Thinking about Philanthropy – and Justice

Wednesday, December 9th, 2009

David Grant, President and CEO

Justice by Michael SandelI have been reading Michael Sandel’s book Justice, which stems from his popular course of the same name at Harvard.  In between chapters over the weekend, I have been reading proposals from nonprofit organizations seeking funding from Dodge in the new year.

In both cases, the predominant question on my mind has been Sandel’s subtitle: What’s The Right Thing To Do?

The book, by the way, would be a great holiday present for anyone you know who appreciates having his or her assumptions challenged.  Just when you think you know what “the right thing to do” is, Sandel asks you to look at it another way.

He begins with some fascinating questions of judgment and, inevitably, politics, using real life situations.  Should there be laws against price gouging in the wake of natural disasters?  Should Purple Hearts be awarded for psychological injuries?  Should the CEO’s and top executives of banks bailed out with taxpayer money get bonuses?

And he uses hypothetical situations.  If you were the engineer on a runaway train, with five people working on the track in front of you, and you could turn onto a side track where one person was working, would you?  Most people say yes.  If you were watching the runaway train from a bridge and could push one person onto the tracks to save the five people working further down them, would you?  Most people say no.  In each case, there is a choice: either one person will die or five people will die. Yet we make different judgments.  It is not just about numbers and outcomes.

Sandel’s theme is that there are three main ways to think about justice: maximizing welfare, respecting freedom, and promoting virtue.

I began to cast the proposals to Dodge in these terms and realize our social investments of limited resources require us to reflect on these matters.  How shall we compare a local arts group with a local soup kitchen, for example? Do we support the educational organization that brings freedom of choice and opportunity to a small number of underserved students in a dramatic, transformational way?  Or do we back efforts to incrementally improve an educational system that affects thousands of students?

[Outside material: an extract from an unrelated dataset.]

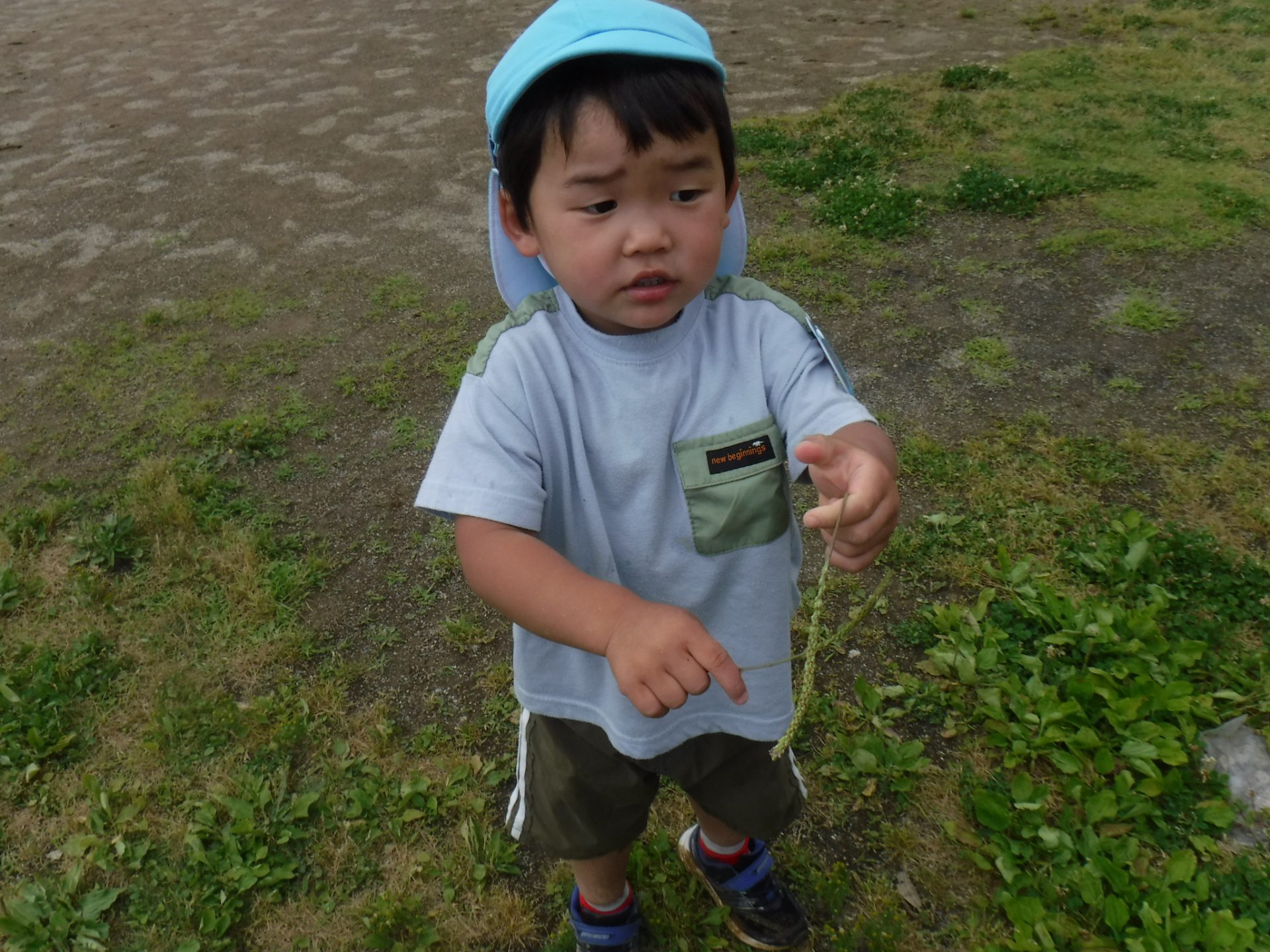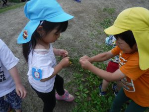 「ちょっとやってみよう。」と、遊びだすと・・・「先生やろう!」「オオバコってこれ?」と大はしゃぎ。
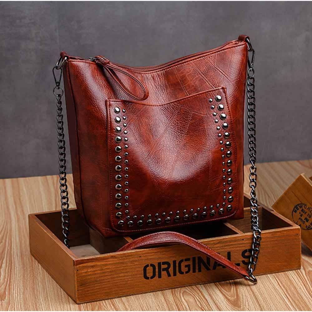 Wholesalesir - Fashion Chain Rivet Shoulder Tote Bag: Brown

Sandel unpacks that last idea: the utilitarian idea of “the greatest good for the greatest number” – both its strengths and its weaknesses. That chapter helps me understand why at some gatherings of foundations, there are strong pleas for the whole field to drop everything except a focus on mitigating climate change.

At Dodge, we use the themes Creativity and Sustainability as if they were virtues.  But I imagine Sandel countering: “Do you value the creativity it takes to create a new weapon?  Is everything worth sustaining?”

Clearly not.  I appreciate how Sandel frames the process of responsible moral judgment as “a dialectic between our judgments about particular situations and the principals we affirm on reflection.”  It reminds me again of the importance of “Quadrant II” time in organizations – that precious time we set aside and protect for important matters that are not urgent.  It is our time to reflect on lessons learned from action and guiding principles for future decisions.

It is both disconcerting and liberating to understand anew through reading Justice that the right thing to do is not always clear to a single individual, let alone a group, no matter how much thoughtful attention you pay to a given situation or choice.  But as he writes, “Thinking about justice seems inescapably to engage us in thinking about the best way to live,” and for us at Dodge, that takes us to the heart of our mission of fostering a more livable world.

We will never, in Sandel’s words, “resolve (our) disagreements once and for all.”  But these discussions “can give shape to the arguments we have, and bring moral clarity to the alternatives we confront.”

Another cycle of grantmaking is underway.

Thinking About Philanthropy: Part 3

Wednesday, May 6th, 2009

David Grant, President and CEO

Let me make an abstract idea from the last entry more concrete through some examples.

In the previous parts of this series, I used Jim O’Toole’s “Executive’s Compass” (below) to postulate that “The Good Society” lies in an area on that map, not at a point. I pictured a circle where the four values on his axes are pursued, sometimes aggressively, but not so exclusively and persistently that other values are ignored and diminished. That last sort of activity would be outside of the circle and work against the good society. My earlier example was the pursuit of “efficient,” industrial agriculture (the right side of the map) in the name of cheap food and the devastating impact that has had on many rural communities (the left side of the map).

executive-compass-for-part-3

It seems to me the “sustainable” society is one that not only keeps its activities within the circle but also connects those efforts to each other so that they enhance each other rather than compete. It’s easy to see, for example, that community life can be enhanced by focusing on an efficient transportation system, or equity might be best served by providing economically disadvantaged children with access to courses in business entrepreneurship.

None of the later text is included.